280 N.E.2d 688 | Mass. | 1972

361 Mass. 390 (1972)
280 N.E.2d 688

ELIAS M. LOEW
vs.
STEPHEN G. MINASIAN & others.

Supreme Judicial Court of Massachusetts, Suffolk.

November 3, 1971.
March 13, 1972.

Present: TAURO, C.J., CUTTER, REARDON, BRAUCHER, & HENNESSEY, JJ.

Arshag A. Mazmanian for the defendants.

Robert L. Caporale for the plaintiff.

REARDON, J.

This amended declaration in contract alleged that the three defendants made a demand note payable to the plaintiff in the amount of $17,500, with interest as provided in the note, on or about September 12, 1968, and have refused to pay the same on a demand made on or about October 1, 1969. A copy of the note was attached to the declaration. The defendants' answers pleaded (1) general denial, (2) payment, (3) lack of consideration, (4) failure of consideration, and (5) denial of genuineness of signatures. The defendants then admitted, by their failure to respond to the plaintiff's notice to admit facts, G.L.c. 231, § 69, (1) that the signatures on the note were theirs, (2) that no payments on the note had been made, and (3) that the note was currently in default.[1] The plaintiff then moved for summary *391 judgment under G.L.c. 231, § 59. The motion was accompanied by an affidavit of counsel that in his belief there was no genuine issue of material fact involved in the action. The judge granted the motion for summary judgment, from which the defendants appeal.
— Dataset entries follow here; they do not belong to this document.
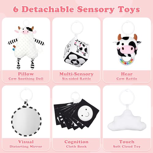 6 Sensory Toys: The 6 hanging toys promote the development of auditory, visual, tactile and self-awareness during play. This will effectively enhance the baby’s overall hand-eye coordination and sensory cognitive abilities.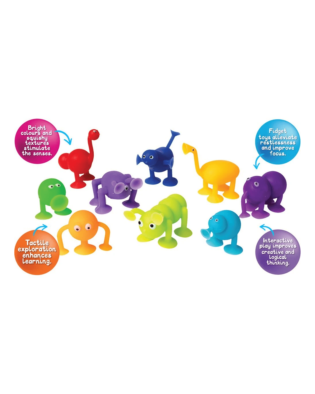 - This set contains 9 x Sensory Suction Monsters.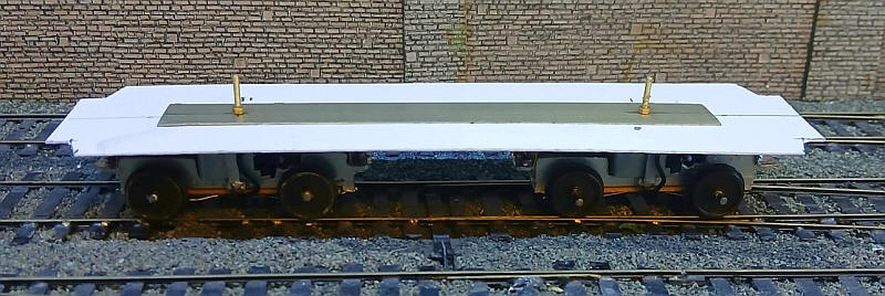 Finally the light consoles have been made from thick card glued to the brass foundations. Small plasticard discs have been added to represent the headlights.

Under the Uniform Commercial Code, G.L.c. 106, § 3-306 (c) and § 3-307 (2), the plaintiff establishes a prima facie case by producing the instrument and proving the signatures. The defendant then has the burden of proof on defences such as want or failure of consideration, or nondelivery of the instrument. If in this case there were genuine issues of material fact raised by the defendants' affirmative defences, the defendants had the burden of demonstrating this at the hearing on the motion for summary judgment by the methods available under G.L.c. 231, § 59. See Urbano v. Ouimet Stay & Leather Co. 355 Mass. 32, 39-40. It would appear that a prima facie case was made for the plaintiff on the pleadings and the facts admitted. The defendants did not follow up on their contentions that they had legal defences involving lack of delivery of the note, lack of consideration for the note, and failure of consideration. There were no facts presented by the defendants to the judge to bolster these alleged defences. The defendants had ample opportunity at the time of the hearing on the motion to place before the judge the defences which they now argue to us. We consider their failure in this regard to constitute a waiver. It is evident that no attempt has been made by the defendants to implement the defences which they now assert, and in view of that fact the appeal lacks merit.

Order for judgment affirmed.

NOTES

[1] We assume that "default" in this context means merely that the note has not been paid by anyone. See Nylen v. Geeraert, 246 Md. 4, 10. Therefore, the admission does not concede that the defendants had a legal obligation to make the payment.